Под тем предлогом, что больной мальчик — сын его старого товарища по оружию, поручик Готье проник в госпиталь и с согласия господина Бернекура переехал туда совсем, устроив себе походную кровать рядом с той, на которой лежал больной. Нужно было видеть, с какой нежностью офицер обращался с ребенком и с каким рвением помогал сестрам ухаживать за ним. Слушая бессвязную речь мальчика, прерываемую стонами, Филиппу удалось составить себе более или менее ясное представление о том, что именно так потрясло ребенка.
Той роковой ночью бедняга попал в какое-то селение, названия которого он не знал. Имя человека, с которым он путешествовал, ему также было не известно. Молнии и гроза сильно напугали его. Дождь лил не переставая и промочил одежду мальчика до нитки. Спутник нес его на руках до тех пор, пока они не набрели на какой-то дом. Они постучали в дверь, и она отворилась. Они вошли в комнату: там было несколько мужчин и женщин. Возле печи мальчик заснул, а когда проснулся, то лежал одетый на кровати, задернутой занавесками. Вдруг чья-то рука отдернула их, и перед ним возникла фигура, вся в белом. Этот призрак схватил его, мальчик хотел закричать, но ему зажали рот…
«Молчи! Ради бога, молчи! Они убьют тебя! — шептал призрак, превратившийся в женский силуэт. — Молчи же! Если они услышат тебя, то убьют, как того, в соседней комнате, и того, кто привел тебя сюда!»
Прижав ребенка к груди, женщина перелезла через подоконник и стала спускаться вниз. Достигнув земли, она, видимо, остановилась в нерешительности, но потом проговорила: «Да-да, на кладбище! Бежим! Боже, помоги мне! Довольно жертв!» И она побежала, но в эту минуту из комнаты, которую они только что покинули, донесся страшный стон…

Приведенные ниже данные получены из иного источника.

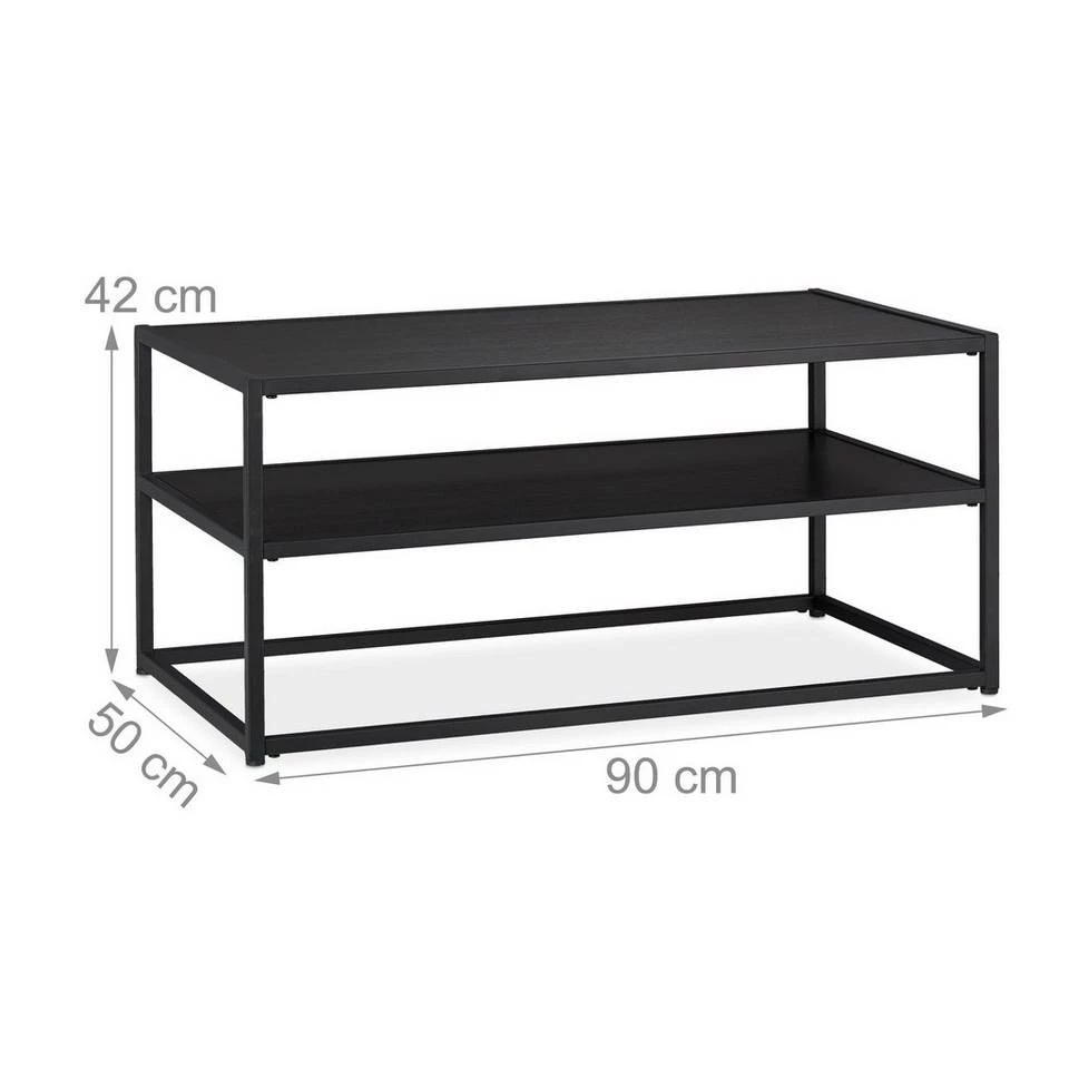 - Modern: Niedriger Couchtisch mit schwarzen Metallbeinen – Ablage sowie Tischplatte aus MDF in Schwarz
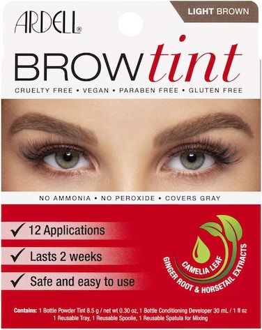 Ardell Brow Tint Light Brown Calling all light brown-browed babes! Get salon-quality results at home with Ardell's new and easy-to-use Brow Tint! Our permanent dye safely and effectively lets you achieve a pro-inspired tint service at home that lasts up to two weeks. Ardell Brow Tint is a water-activated, permanent dye that effectively covers all hair including short, grey and light hair. Simply mix the powder color with the water based activator, apply, wait and wipe off for perfectly defined arches. Brow tinting is one of the most low-maintenance ways to make brows appear fuller and more prominent without makeup or the time and expense of microblading.
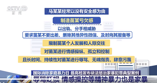 辱骂贬损情感操控也是家暴:男子借口没有安全感把女友逼上绝路 在山东临沂检察机关办理的马某某虐待案中,马某某与女友苗某确立恋爱关系后,二人租房共同生活,并与对方家长见面、参加对方家庭聚会,有结婚意愿。马某某经常以没有安全感为由,制造苗某亏欠感,以出轨、分手相威胁,要求苗某不要出差、删除其他异性微信、... 11-26
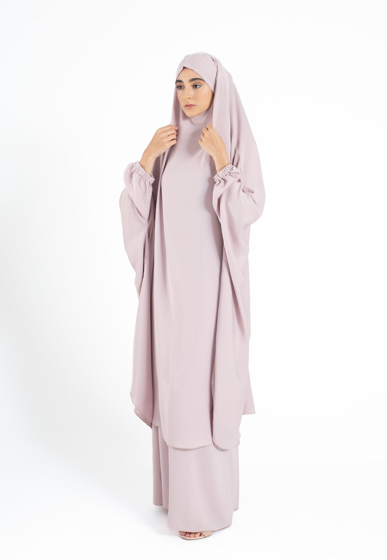 Elevate your daily prayers and casual wear with our premium Two-Piece Baby Pink Jilbab / Prayer Set. Crafted from the finest Nida fabric, this set offers unparalleled comfort and lightweight elegance, making it an essential addition to your wardrobe. Perfect for Ramadan, Umrah, Prayers and daily wear, this set ensures you look modestly stylish while feeling at ease.
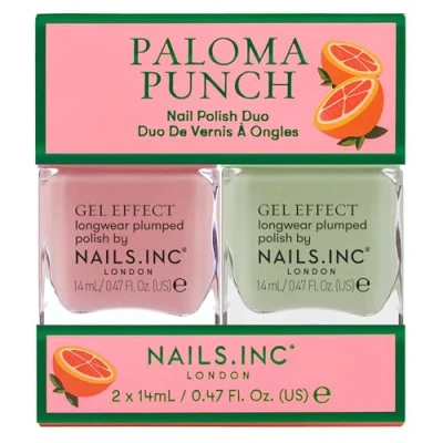 Nails Inc Paloma Punch Nail Polish Duo, Long Lasting, Easy Manicure Look, Cruelty Free, Vegan, 21 Free Formula, Dusky Pink, Soft Green, Plumping Effect, Gel 2 Piece Set
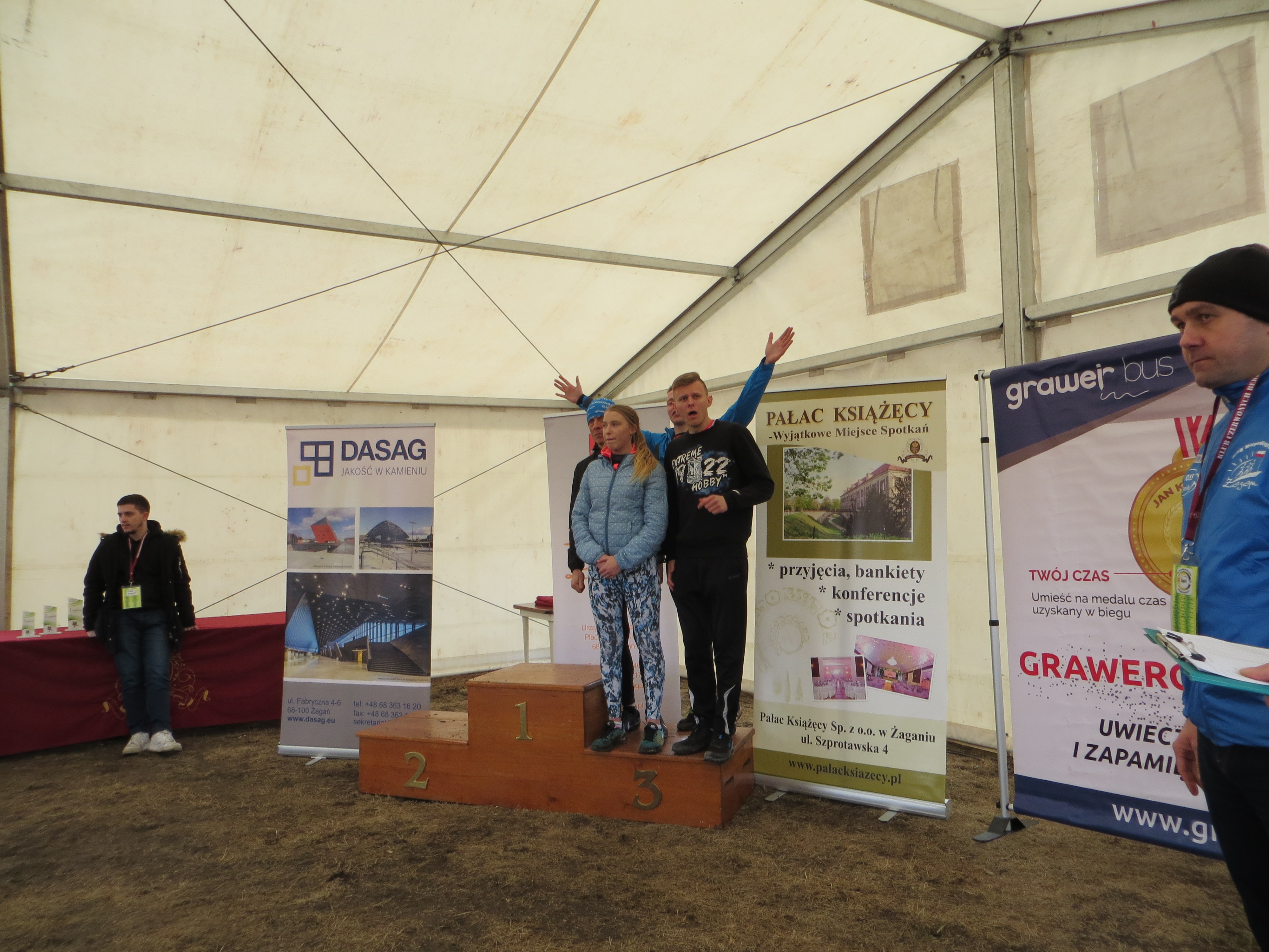 Imprezę poprowadził Karol Cząstka, znakomity trener i biegacz. – Brytyjczycy wzięli udział zarówno w sztafecie, jak i biegu głównym – powiedział nam. – Warunki pogodowe sprzyjają biegaczom, na trasie przewidzieliśmy kilka przeszkód. W sztafecie jest nią górka piachu, w biegu głównym snopki siana.
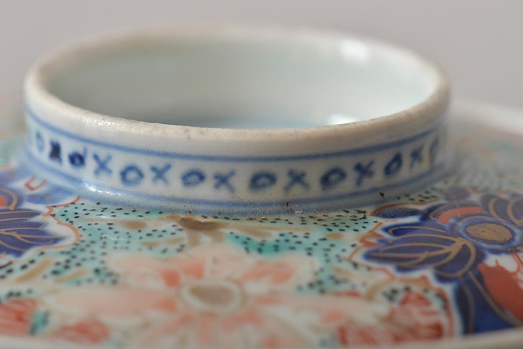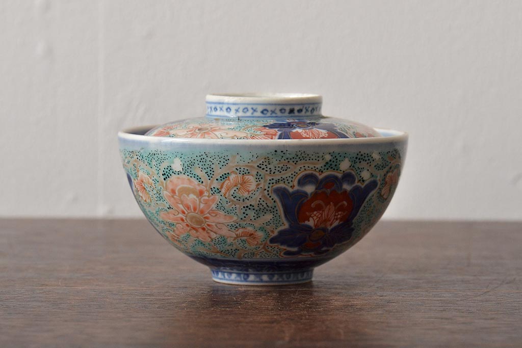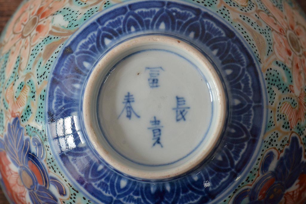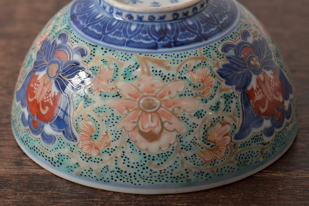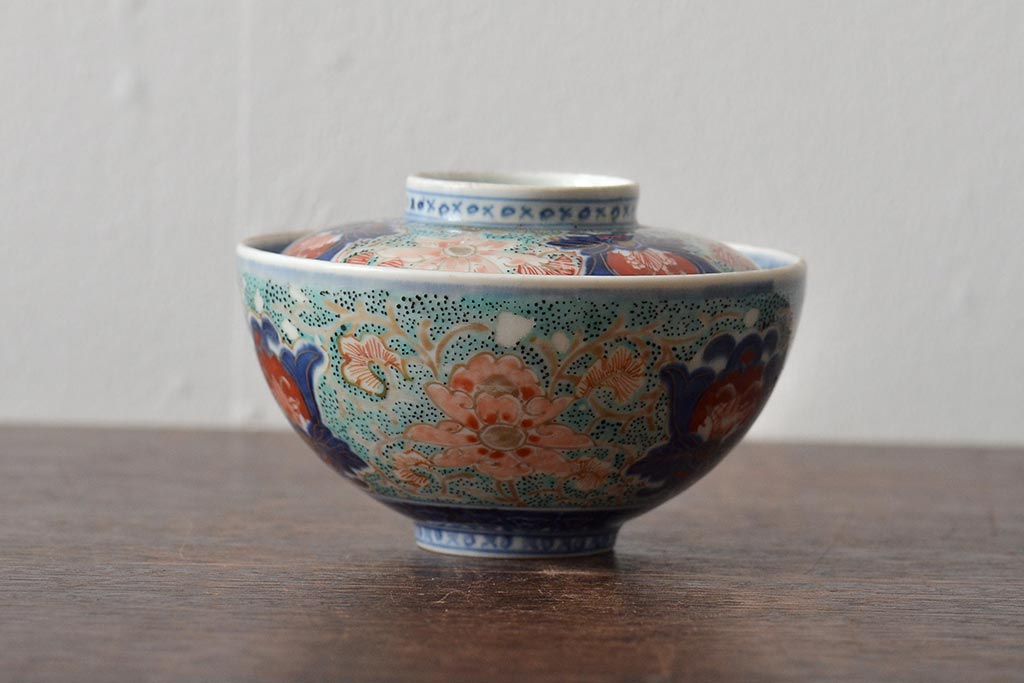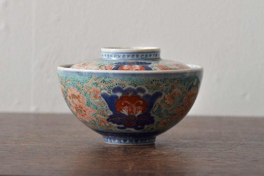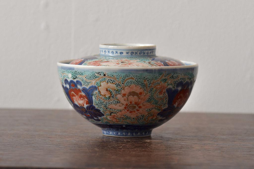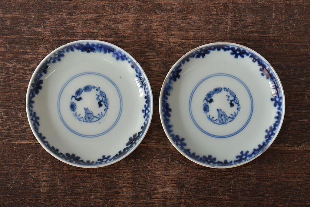 アンティーク雑貨 幕末〜明治 富長貴春銘 色絵染付蓋茶碗2客セット(和食器)(R-043102)
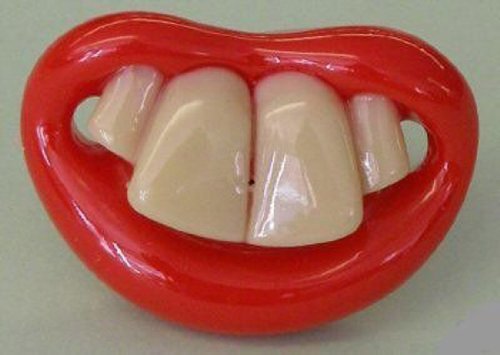 What name meaning would you come up with for a baby genius other than LIL PROFESSOR. My baby can't smile without showing some big pearly whites with this fun baby pacifier. This Billy Bob Pacifier comes with our silicone orthodontic NUK style soother that my baby loves. For Halloween or just cute baby photos, this baby pacifier gets lots of attention. How about the baby lyrics, I do say old chap.;All have silicone orthodontic nipples, that are 100% safe, B.P.A. free and Phthalate free;All are new and in orginal packaging.;Billy Bob Teeth branched out into the baby world with the introduction of their novelty, orthodontic pacifiers. Unlike traditional, monotone pacifiers, Billy Bob Pacifiers are designed to keep baby happy and parents grinning from ear to ear.;Ages 3 months to 99 years
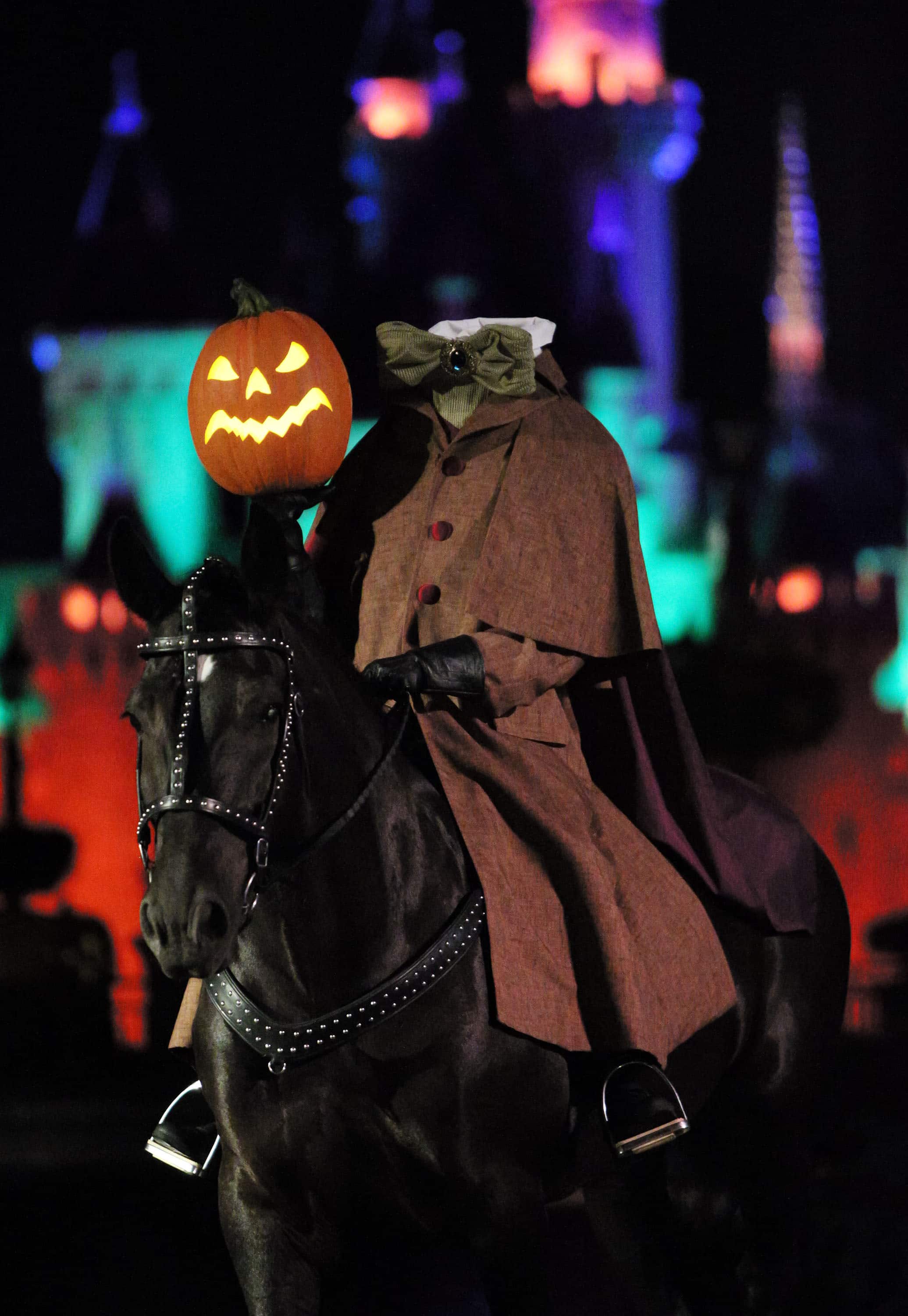 Also exclusive to Mickey’s Halloween Party is the “Frightfully Fun Parade” led by The Headless Horseman of Sleepy Hollow (from the Disney animated classic “The Adventures of Ichabod and Mr. Toad”). The Horseman rides through the park on his ghostly black steed with a flickering jack-o’-lantern to usher in the parade featuring Jack Skellington followed by a procession of grim, grinning (and hitchhiking) ghosts from the iconic Haunted Mansion attraction. The creepy Dr. Facilier from Disney’s “The Princess and the Frog” calls on mystical powers, summoning his Shadow Men from the bayou to loom large over his strange and twisted Voodoo parlor. The mischievous Disney villains appear out of the darkness, ready to stir up some trouble. The wicked gathering includes the Evil Queen, Jafar and Cruella.

Когда силы юного организма восторжествовали над смертельным недугом и больному мальчику стало легче, Филипп вспомнил про отцовский дом. Мы уже рассказали об испытаниях, которые ему пришлось пережить. Сильнее всего на него подействовало исчезновение эмигранта. «Никто не разубедит меня, — твердил про себя поручик, — что сын нашего хозяина был одним из двух убитых в ту ночь, когда священник взял к себе ребенка».
Прокурор обещал Филиппу Готье сообщать ему обо всем, что касалось здоровья мальчика. Наконец, доктор Драпье для скорейшего выздоровления посоветовал перевезти ребенка куда-нибудь в деревню, на свежий воздух. Офицер тотчас предложил взять мальчика к себе.
В депеше, доставленной бригадиром Жолибуа за несколько минут до покушения на Денизу и Флоранс, Филиппу писали о том, что его предложение принято. Филипп отправился навстречу карете, рассчитывая встретить ее на середине пути от Эпиналя. В тот самый час, когда он объезжал Виттель, другой экипаж въехал в селение по дороге из Невшато и с шумом остановился перед входом в гостиницу «Кок-ан-Пат».
XXX
Иностранец
Экипаж, видимо, проделал долгий путь: позади кареты высилась целая пирамида чемоданов. Все семейство Арну высыпало навстречу приезжим, за исключением Флоранс, которая после пережитого накануне еще не вставала с постели. Агнесса Шассар и ее старший сын стояли впереди всех.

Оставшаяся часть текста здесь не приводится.